How, then, may it be dealt with? How can the true concept of the Negro, as a human being, as a citizen, as a member of Christ's Church, be built up in place of the erroneous ideas which not infrequently prevail?
The answer to this question is simple and obvious and contains no special magic or expert formula. False ideas are best met by true ideas, and the true idea of our fellow man is most effectively produced by the same methods with which the true idea of Christ Himself is implanted in the minds of men: through teaching and personal example.
The personal example of the Negroes themselves is, of course, an indispensable factor in creating a correct picture of the Negro's capacity for citizenship. In proportion as large numbers of Negroes respond to the efforts that are made for their education, for their spiritual welfare, for their social betterment, in the same proportion will certain misconceptions be cleared up in the minds of the white group, and this clearing up will, in turn, react favorably upon the Negro. Intelligent and sympa&notthetic white men, such as are found in every part of the United States without exception, will draw hopeful conclusions from what they have seen of the race's progress and from individual Negroes with whom they have conversed.
But to trust to the race's progress solely and automatically to remove the fatal misconceptions that often prevent and continually hamper and jeopardize that progress itself is a woefully short-sighted procedure. Bitter experience of educators and other friends of the Negro has demonstrated how shortsighted it is the same experience has taught-what common sense would show from the beginning-that no matter how much is done to better and aid the Negro, no matter how good an "exhibit" he may make of himself, it is absolutely necessary also to do a vast amount of direct and positive teaching in this matter. In other words, the race situation in the United States imposes a distinct educational task upon Catholic Action: the education of the public, particularly the Catholic public, in the true idea of man and the true idea of the Negro, to counteract the false ideas of man and the false ideas of the Negro which are at the root of the Negro's principal disabilities.
The public needs to be "shown" in this matter. There is a healthy skepticism quite as much as an unhealthy one. But the skepticism should inspire better organization and more concerted effort it should not lead to timidity and defeatism.

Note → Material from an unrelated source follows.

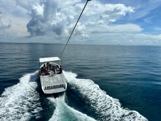 中々日本では体験出来ない 良い体験を手軽に出来ます ホテルへの迎えはジプニー で来てくれて、これもフィ リピンを味わえる楽しい思 い出になります。簡単な説 明を受けて、ボートを乗り 継いで沖合に出たら順番に 飛んでいきます。私の参加 した回は4組で、1組10分ほ ど青空散歩できます。体感 的にはすごく長く感じスリ リングもあり満足度の高い オプショナルツアーでした。 その後すぐ近くのスパにいき シ

This educational task is the specific work of the Catholic program for interracial justice. It is not a mere negative procedure not the mere refutation of falsehoods or condemnations of injustice. It is a positive, constructive work, which encourages all that is good, all that is being done for the Negro's good in any line in any part of the nation, by any agency or institution.
This work cannot be undertaken by the white man alone nor by the Negro alone. It can be carried out effectively only by cooperation of the most intelligent and spiritual minded in both races. If all the talking on behalf of the Negro is left to the white man, the question naturally arises, why cannot the Negro speak for himself, since he can best describe his own condition and his own state of mind. On the other hand, the Negro left entirely to himself fails to get an audience, no matter how convincingly and eloquently he has prepared his case. He finds. himself talking only to other Negroes or to a few white sympathizers. The only logical course is for the two groups to collaborate in an intelligent and well articulated method of demonstrating to the public those truths which are not the Negro's concern alone, but the common interest of all. The task is long and laborious, but bears manifold fruits as it is carried out. In a later article I hope to show some of these fruits.